- Supplied information -
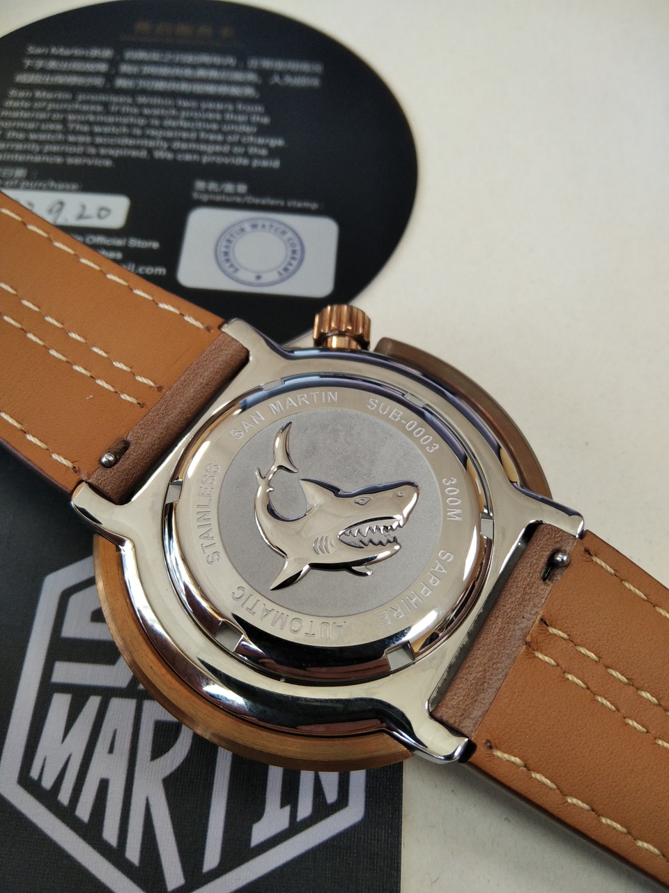 Пришел сегодня тунец от SM , заказанный 16.09 по купонам, ну что сказать я доволен , первая бронза исполнение по мне на уровне, люм бомбит, читабельность прекрасная , кмк ремешки у китайцев коротковаты , запястье 20 на предпоследнее отверстие зашло, ну да ладно все равно что-то делать надо будет с ним, может быть браслет черный, бронзовый хрен найдешь бюджетный, если сравнивать со стилдайвом , то в плюс SM очень четкий и уверенный безель с мягкой более удобной работой и более интересная задняя крышка ,цифер глубокого черного цвета , у SD он более серый, ну и на первый взгляд люм на метках более толстый и ровный, из минусов для меня не просверленные насквозь душки
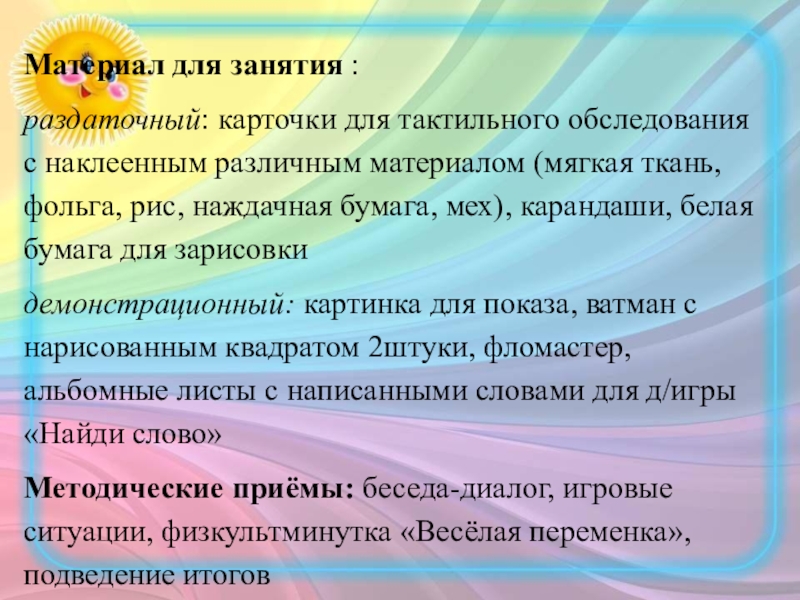 Методические приёмы: беседа-диалог, игровые ситуации, физкультминутка «Весёлая переменка», подведение итогов
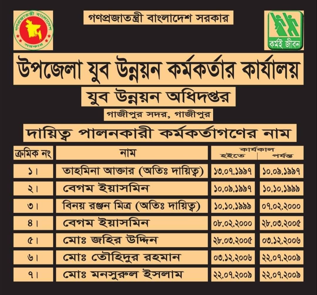 উপজেলা যুব উন্নয়ন কর্মকর্তার কার্যালয়, গাজীপুর সদর।
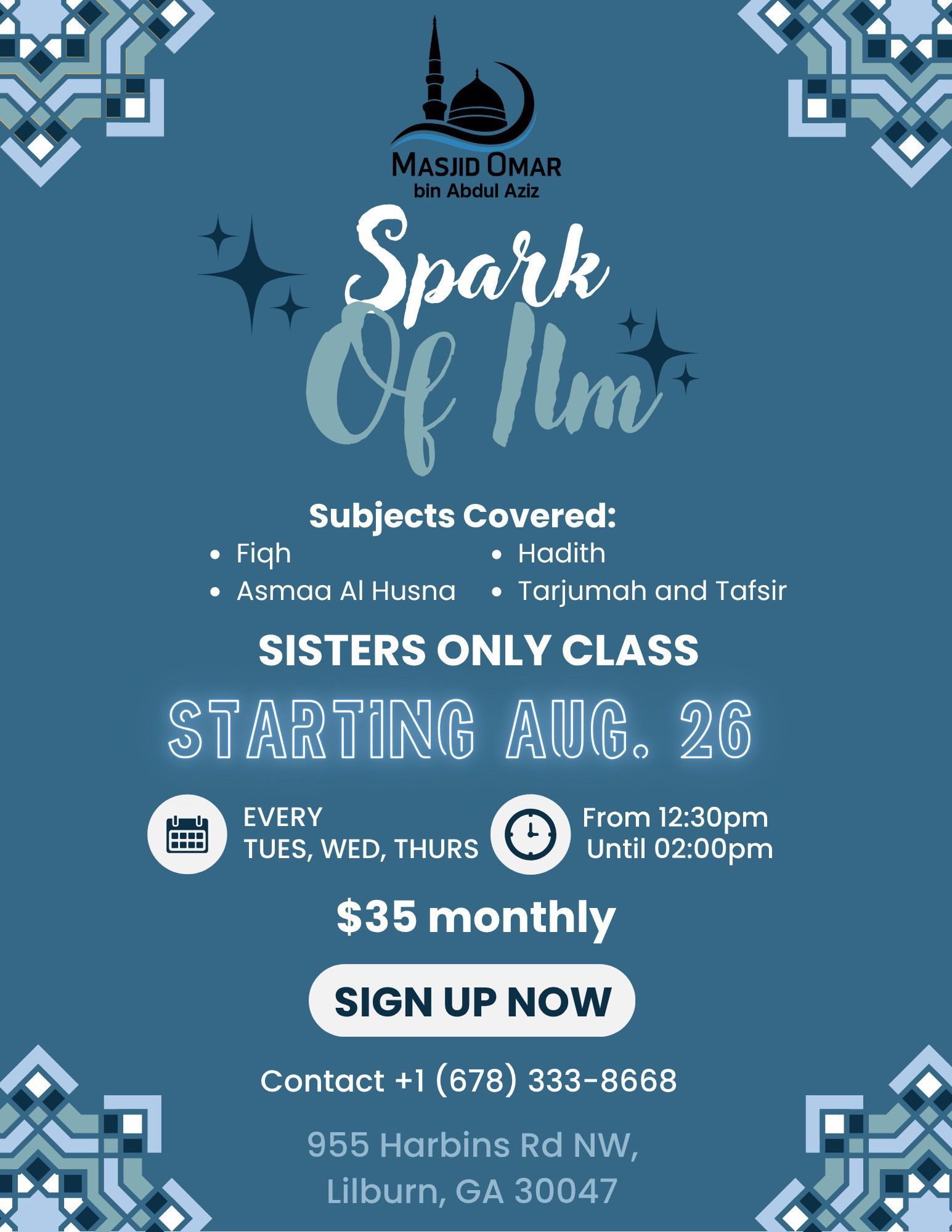 Questions? Contact Sister Ashwaq at 678-668-4251 or email at info@masjidomar.org

- Directions -
Repeat the line containing "Методические приёмы: беседа-диалог, игровые" and every line after it up to the end of the material above, exactly as they stand, minus the pictures.

- Exercise solution -
 Методические приёмы: беседа-диалог, игровые ситуации, физкультминутка «Весёлая переменка», подведение итогов
 উপজেলা যুব উন্নয়ন কর্মকর্তার কার্যালয়, গাজীপুর সদর।
 Questions? Contact Sister Ashwaq at 678-668-4251 or email at info@masjidomar.org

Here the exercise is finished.